Почувствовав, что на нее смотрят, Виктория обернулась. Увидела его, губы в улыбку вежливо так сложила. И снова принялась брату что-то рассказывать. Он аккуратно потушил сигарету о край урны. Виктория Львовна и Кирилл уселись в дорогие свои машины, в каких Василю внутри бывать не доводилось, и уехали каждый в свою сторону. Погода, да, мерзкая стоит. Зато осень — самое хлебное время. Люди к зиме готовятся, несут сапоги, ботинки, ботильоны, чтобы им поменяли набойки и вшили новые молнии.
Вика
— Вика.
— Что?
— Посмотри на меня. Что опять не так?
— С чего ты взял?
— Я же вижу.
— Что ты видишь?
— Черные точки, например.
— Какие точки? — На секунду ей показалось, что Кирилл бредит.

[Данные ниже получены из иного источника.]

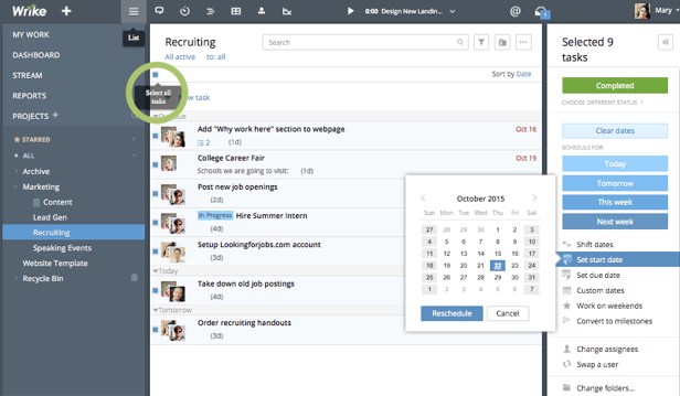 Wrike is designed for large projects that will run for a long time. It has some nice management features like Gantt charts and it also has an analytics tab which you can use to monitor your team’s efficiency.

— Когда кое-кто плачет, у него размазывается тушь. Он ее под глазами вытирает. А в уголках все равно остаются черные точки-комочки. Или как у вас, у женщин, это называется. Если не хочешь, чтобы догадались, что ты плакала, вынимай их тоже.
— Я обязательно так и буду делать.
Он протянул платок:
— Нет, ну в самом деле, что ты куксишься? Из-за трубы, что ли?
— Из-за трубы.
— Боишься, что Иван узнает? Брось.
— Да. Я боюсь. Что Иван все узнает.
Он понял, щелчком отбросил сигарету. Описав оранжевую дугу, она упала на асфальт, взорвавшись маленьким снопиком искр. Нахмурился — две брови встали в одну линию. Но сделал вид, что не смекнул, о чем речь:
— Тебе не по фигу вообще? Подумаешь, труба.
— Если б только труба. Прибыли ноль. — Она тоже свернула с темы. — В этом месяце, допустим, не минус, но все равно — ноль. Я и вложения не отбила.